2. Onboarding documentation. This may include enrolling the employee in payroll, benefits, and taxation. 

3. An induction program enables the employee to understand administration must-haves, meet co-workers, and take an office tour.

1. Making arrangements for the seamless withdrawal of employment.

2. Documentation for termination. This may include signing non-disclosure agreements, benefit transfers, and tax documents. 

3. An exit interview enables the employer to collect feedback from the resigned employee.

Most employers don’t give as much priority to offboarding as they give to the onboarding of employees. The below statistics showcase the importance of the formal offboarding process for organizations:

  1. According to Intermedia SMB Rogue Access Study, 89% of employees were able to access sensitive corporate applications after they completed offboarding formalities.
  2. 72% of CEOs, in a recent survey, admitted that they have taken important intellectual property (IP) details, ideas, and sensitive data with them from their former employer.

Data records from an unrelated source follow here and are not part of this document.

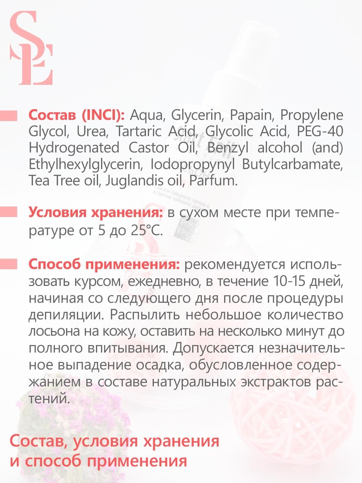 | Отзыв: | Использую после эпилятора, у меня волосы сами по себе отрастают очень быстро, лосьон продлевает эффект, посмотрим, как будет после длительного применения |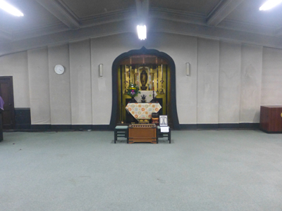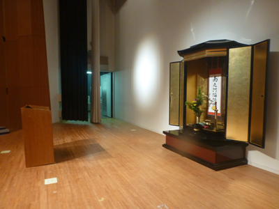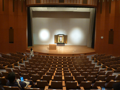 ステージ上に仏壇があるのが、一般のホールとは違う。 |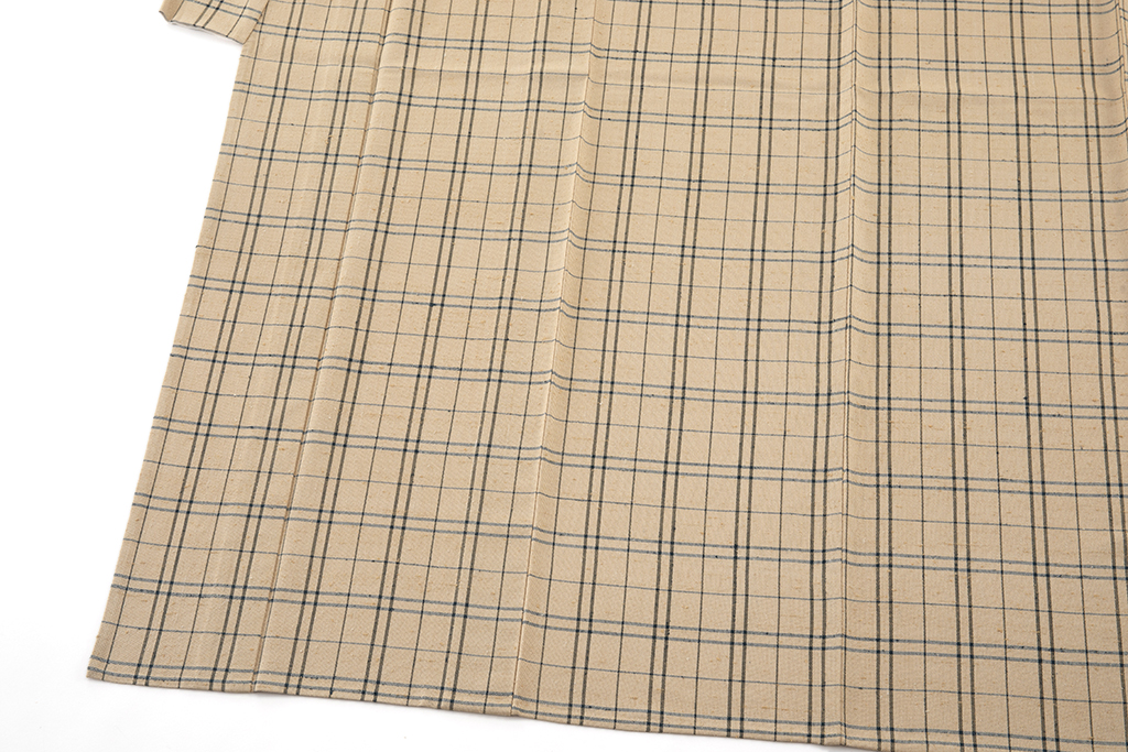 胡桃色の地に、黒橡と藍鉄色の糸で、可愛らしい格子柄を描いた、柔らかな色彩とふっくらと地厚な織味が、穏やかで優しい風合いを生む、しなやかな着心地の工芸色豊かな伊兵衛織 着物です。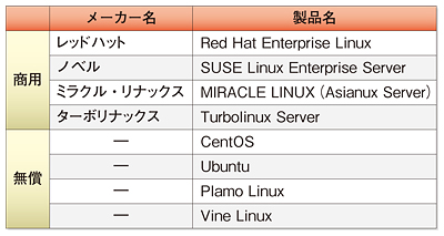 WindowsやUNIXに比べて、Linuxの種類は多い。各メーカーが独自サービスを付加した有償版と無償版は、合わせて約20種類がある。表には主なLinuxをまとめた。有償版では、レッドハットを筆頭にノベル、ミラクル・リナックス、ターボリナックスが主なプレーヤーだ。なかでも、ミラクル・リナックスはユニークな開発体制をもつ。コミュニティに加え、韓国のハーンソフトや中国のレッドフラグといった、アジアの有力Linuxメーカーと共同で開発する体制を敷く。協業することで開発コストを削減できるほか、「各国での要望、ニーズを取り入れることで品質の高いLinuxを開発することができる」(ミラクル・リナックスの児玉崇社長)という。市場獲得争いで最も高いシェアをもつのがレッドハットで、過半数を握っている。レッドハットは、Linuxだけでなく、仮想化ソフトやアプリケーションサーバーなども企業買収を通じて製品化し、Linuxで獲得したユーザー企業に対して新たな提案をしようとしているのが最近の動きだ。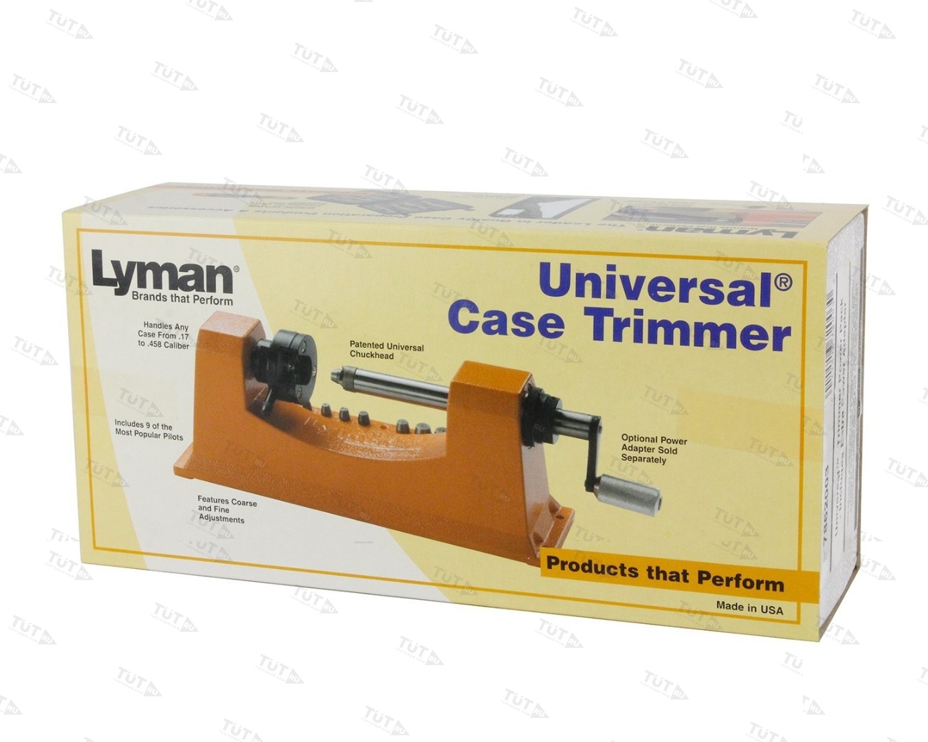 Универсальный триммер от Lyman под все калибры имеет неподвижный резак с титан-нитридным напылением, грубую и тонкую настройку резки, цанговый универсальный зажим донца гильзы и набор из 9 насадок (пилотов) под основные калибры: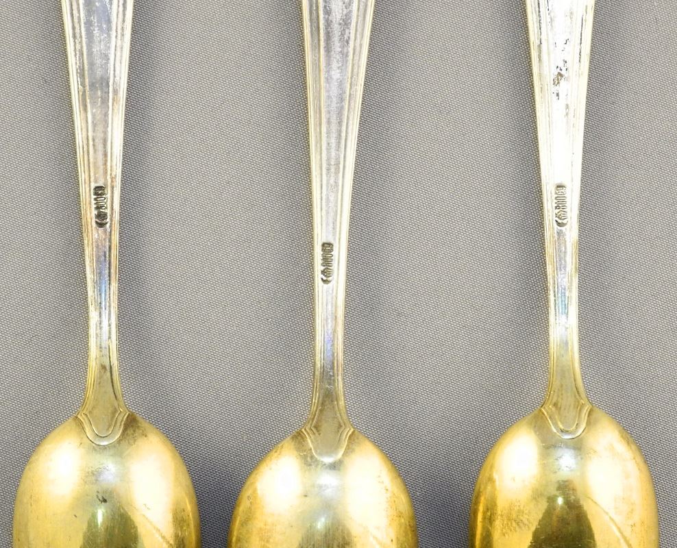 LOT 104 Continental 800 silver set of twelve coffee spoons with gilded bowls in case. Estimate: $100 - $200 Sold For: $90 Auction Date: Tuesday, May 11 2021 at 6:00 PM

Moving forward into this article, we’ll explain more about why proper employee offboarding is important for the organization and provide a checklist that helps HR teams to improve the effectiveness of the offboarding process.

Why is proper employee offboarding important?

Organizations may need to implement a proper employee offboarding process to:

1. Meet compliance standards and regulation

Data leakages by former employees may result in compliance violations and attract huge penalties from regulatory bodies. For instance, the penalties imposed by the Health Insurance Portability and Accountability Act of 1996 (HIPAA) for data breaches can go up to $1.5 million per violation.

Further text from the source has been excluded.